The Centre for Lactation, Infant Feeding and Translation (LIFT) at Swansea University seeks to better support families in feeding their baby
How a baby is fed can feel like one of the most important but overwhelming decisions new parents make. Many mothers want to breastfeed, but the UK has some of the lowest breastfeeding rates in the world, which are still declining. Although over 80% of mothers start breastfeeding, many stop in the early weeks, often before they are ready due to not getting the support that they need – but the benefits of breastfeeding need to be highlighted.
We know that on a population level, breastfeeding protects infant and maternal health. Babies who are breastfed have a lower risk of infectious disease and breastfeeding lowers maternal risk of reproductive cancers, heart disease and diabetes. Additionally, there are economic and environmental reasons to protect breastfeeding. However, our research shows that how a baby is fed can also have a long-lasting impact upon maternal mental health.
Although formula milk can support babies when they cannot be breastfed, this doesn’t always fix the broader impact for women of not being able to breastfeed. The benefits of breastfeeding can also be important for religious or cultural reasons. It might be a preferred way of comforting and connecting with her baby, particularly after a traumatic birth. Breastfeeding is also about women’s reproductive health and a failure to support breastfeeding conveys the message that women’s health does not matter. As a result, we hear many stories of regret, anger and grief decades after women were unable to breastfeed.
Just because breastfeeding is a biological norm, that doesn’t make it easy
The question arises as to why many women struggle with breastfeeding and our research over the last decade shows the complexity of this. Just because breastfeeding is a biological norm, that doesn’t make it easy and breastfeeding works best when women are part of a culture that is supportive of breastfeeding. However, we lost much of our breastfeeding knowledge and skill when formula milk was promoted as superior to breastfeeding during the 1950s and following decades. Formula became our norm, heavily influenced by industry messaging undermining the benefits of breastfeeding. Despite breastfeeding being encouraged antenatally, a lack of government investment in research and expertise to support breastfeeding and parents in general means that many women are struggling to get the practical and emotional support that they need.
Our research and collaboration with governments, public health bodies and infant feeding charities seeks to create an environment that doesn’t simply promote breastfeeding but protects and supports it. This involves campaigns around understanding breastfeeding and normal baby behaviour, highlighting the importance of breastfeeding for mental health, and calling for greater investment into supporting all types of infant feeding.

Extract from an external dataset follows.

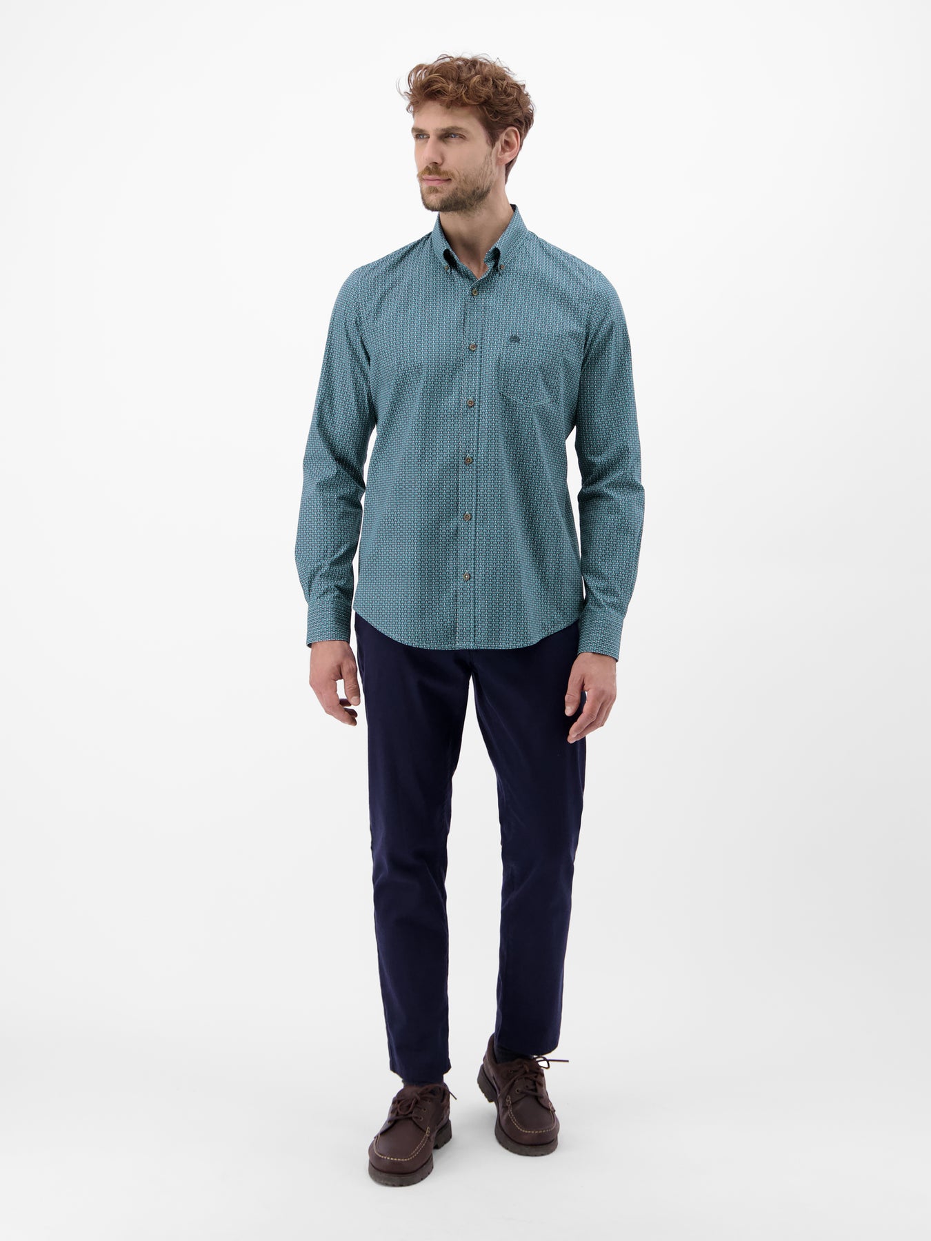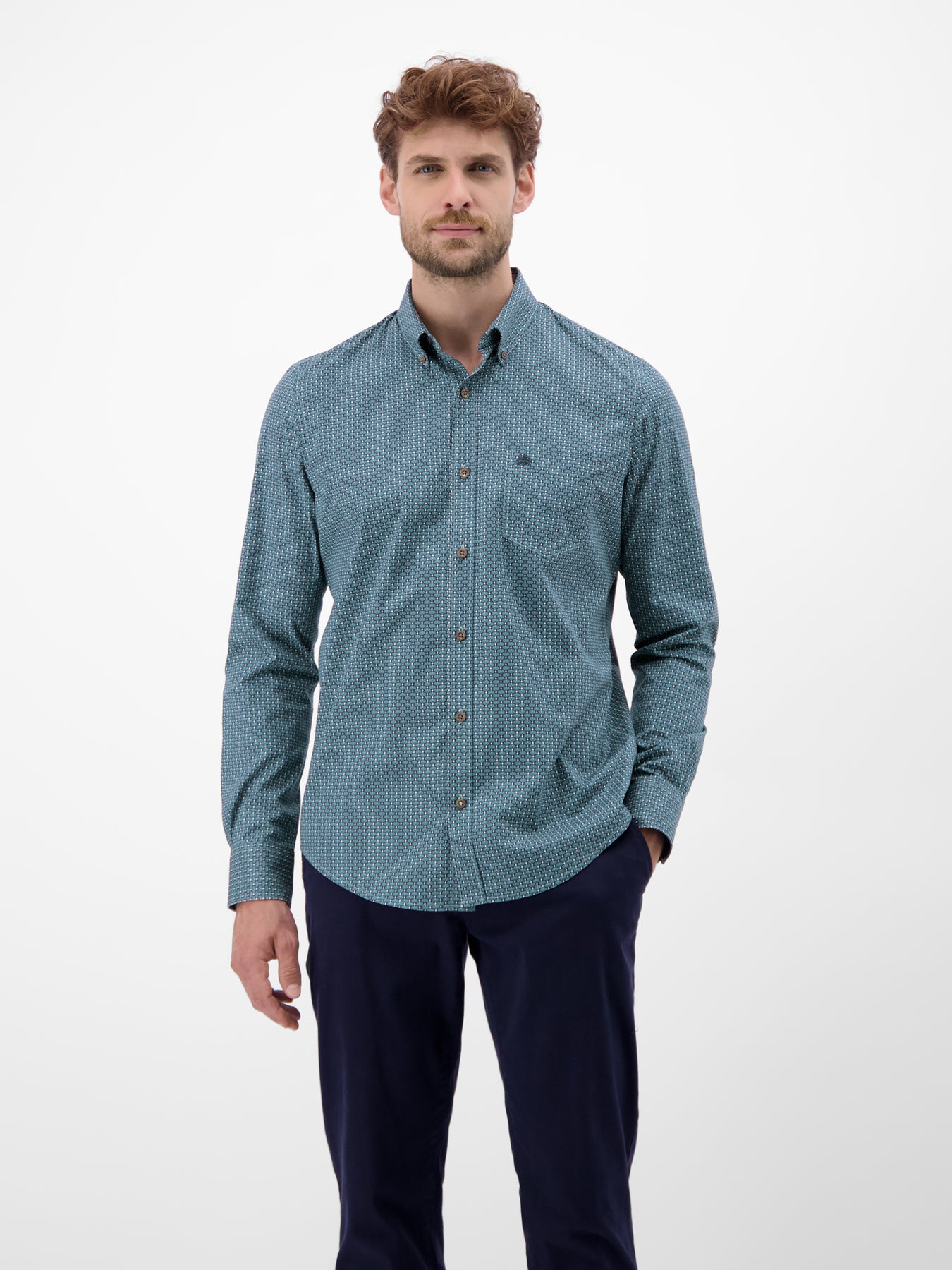 A statement of masculine style and casual elegance – the LERROS men's shirt with a subtle ornamental pattern. The fine poplin fabric with a stretch effect ensures a robust feel, pleasant wearing comfort, and long-lasting shape retention. The printing technique creates a special ornamental pattern that gives the long-sleeved shirt a modern, dynamic look.Care:

Human milk is lifesaving for premature babies. When they cannot receive their own mother’s breastmilk, specially heat-treated donor milk from other mothers who have been carefully screened can protect their health and development. Recent WHO recommendations are that donor milk should be available for all preterm babies where there is a shortfall of maternal milk.
The impact of donor milk and wellbeing
As part of this, we have been exploring the impact of donor milk in protecting wellbeing, through supporting parental mental health and providing a bridge for mothers to establish their own lactation. Our collaborative data shows that when mothers who are unable to breastfeed for health reasons can access donor milk for their baby their anxiety and depression scores significantly decrease. Exploring why this might happen, our research suggests that it is the reassurance of accessing human milk for their baby but also the broader experience of being listened to, supported and feeding choices being respected.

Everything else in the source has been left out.